Publicado por dolphin.s em setembro 17, 2003 01:32 PM
Comentários

Saramago introduz o "Evangelho segundo Jesus Cristo" com as seguintes palavras de Lucas (1,1-4):

"Já que muitos empreenderam compor uma narração dos factos que entre nós se consumaram, como no-los transmitiram os que desde o princípio foram testemunhas oculares e se tornaram servidores da Palavra, resolvi eu também, depois de tudo ter investigado cuidadosamente desde a origem, expor-tos por escrito e pela sua ordem, ilustre Teófilo, a fim de que reconheças a solidez da doutrina em que foste instruído."

Com Nietzsche estamos, certamente depois de sobre tudo muito ter pensado desde a origem, perante o esforço para que reconheçamos a fragilidade da doutrina em que fomos (temos sido)instruídos.

Termina Saramago da seguinte forma o livro supra-citado:

"Jesus morre, morre, e já o vai deitando a vida, quando de súbito o céu por cima da sua cabeça se abre de par em par e Deus aparece, vestido como estivera na barca, e a sua voz ressoa por toda a terra, dizendo, Tu és o meu Filho muito amado, em ti pus toda a minha complacência.

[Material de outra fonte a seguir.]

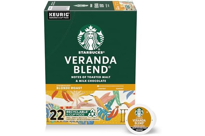 Starbucks K-Cup Coffee Pods, Blonde Roast Hot or Iced Coffee, Veranda Blend, 22 Keurig Pods

Então Jesus compreendeu que viera trazido ao engano como se leva o cordeiro ao sacrifício, que a sua vida fora traçada para morrer assim desde o princípio dos princípios, e, subindo-lhe à lembrança o rio de sangue e de sofrimento que do seu lado irá nascer e alargar toda a terra, clamou para o céu onde Deus sorria, Homens, perdoai-lhe, porque ele não sabe o que fez."

Até onde vão as semelhanças com o pensamento do filósofo?

Até onde tal nos permite reflectir?

Até que ponto se poderá questionar a bondade ou a premeditação da Divindade?

Não foi a Encarnação um benefício para a Humanidade?

Para quando o Apocalipse?

E o quê em seu lugar?

Sandra

Dito por: Sandra no dia 17 de setembro 2003, às 20h57

"Até onde vão as semelhanças com o pensamento do filósofo?"

São os 2 ateus. Os 2 detestam a igreja ;)

"Não foi a Encarnação um benefício para a Humanidade?"

A encarnação é um logro.

O apócalipse, a haver, terá como único responsável o homem.

E o Envagelho Segundo Jesus Cristo, é um livro fantástico!!!

Dito por: dolphin.s no dia 17 de setembro 2003, às 21h13

Yes!!!! Yes!!!!

Pela Certeza. Pela Convicção. Pela Força.

Pela capacidade de analise e de retirada de conclusões sobre áreas de Fé, não com Fé, mas com a Razão.

Pela imediatez e forma inequívoca com que são feitas as alianças.

Com o que geras (ou em ti geras) identificações.

Pela postura face à possível (ou já real) desgraça, com todas as metáforas que a enformem.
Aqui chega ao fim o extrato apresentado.